Writing groups are really useful vehicles for subverting these popular assumptions about writing. Scholars exploring doctoral writing groups assume that writing is a social practice. Whenever we write, we write to someone, and writing groups make this sociality visible. This is especially true of writing in academe, where we are trying to figure out how to write to a larger community of scholars and peers. As Anthony Paré (2014) writes, writing groups provide a space for us to learn how to participate in these conversations. Writing groups provide us with opportunities to explore how to give feedback and experiment with thinking and arguing like a scholar. He also believes “opening one’s mouth to speak in the doctorate…[is] fraught with danger” (p. 25). What we write and how we write it affects the ways in which we are viewed by our communities. While we learn how to speak from supervisors, writing groups provide a safer environment to test out ideas, ways of talking, and ways of writing (Guerin, 2014; Paré, 2014; Starke-Meyerring, 2014).
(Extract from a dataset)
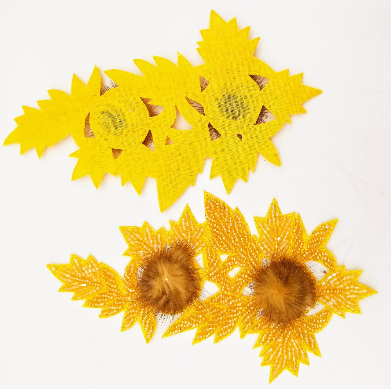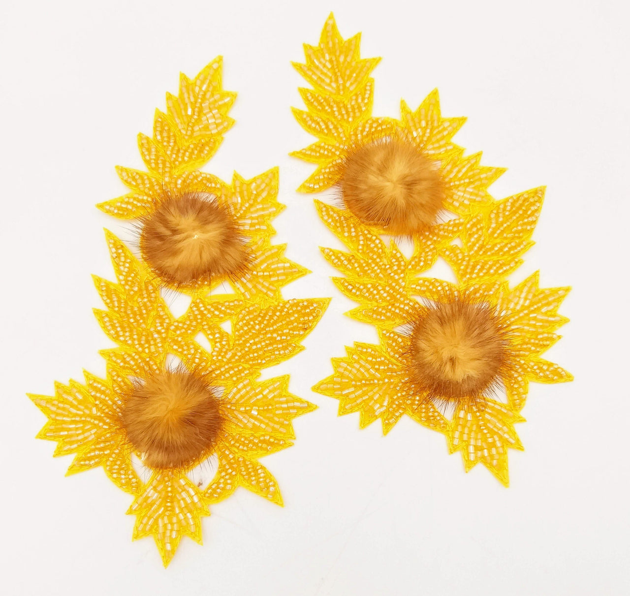 KnicKnackNook proudly presents a lovely Yellow Hand Embroidered Floral Applique, Beaded Floral Motif With Feather Pom Pom, 1 Pc.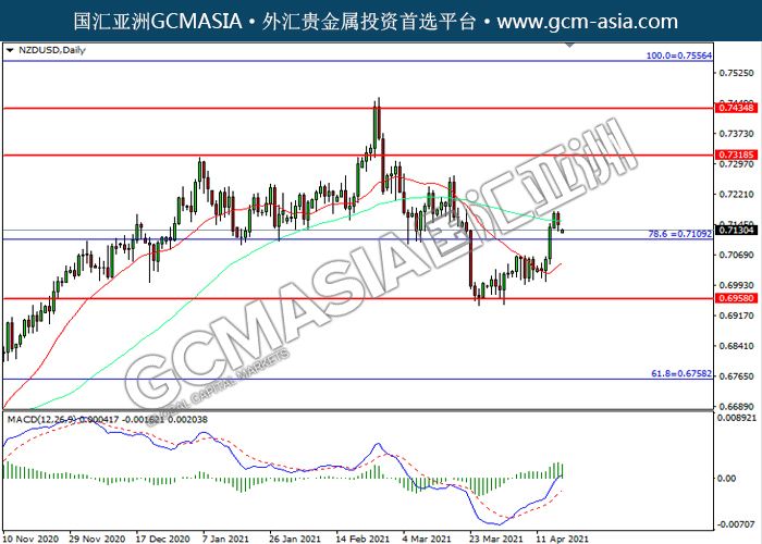 NZDUSD,Daily: 纽美突破前期压力,震荡上行。然而,MACD多头动能略减,短期可关注技术性回调为主。上方关注0.7320和0.7435压力,下方关注0.7110支撑和0.6960支撑。

Reflexive Strategies (Maggie) We want to wrap things up with some ideas for how to get the most out of a writing group, based partly on what we’ve experienced, and partly on the ideas of those who have come before us.

Our group meets once a week – many groups meet less frequently, but we’re using the weekly appointment as a way of keeping ourselves connected to the habit of public writing. Typically, we use the Pomodoro method, so in our two-hour session, we write in 25-minute sessions, taking a short break to chat, or share bits of our writing. More recently, especially as we worked on grant applications and candidacy papers, we decided to dedicate one session each month to a share-and-respond session, wherein we exchange computers and comment in writing on each other’s work. We discuss our comments before we end the session, but we each leave with at least two other people’s feedback recorded in our text, for reflection and reference.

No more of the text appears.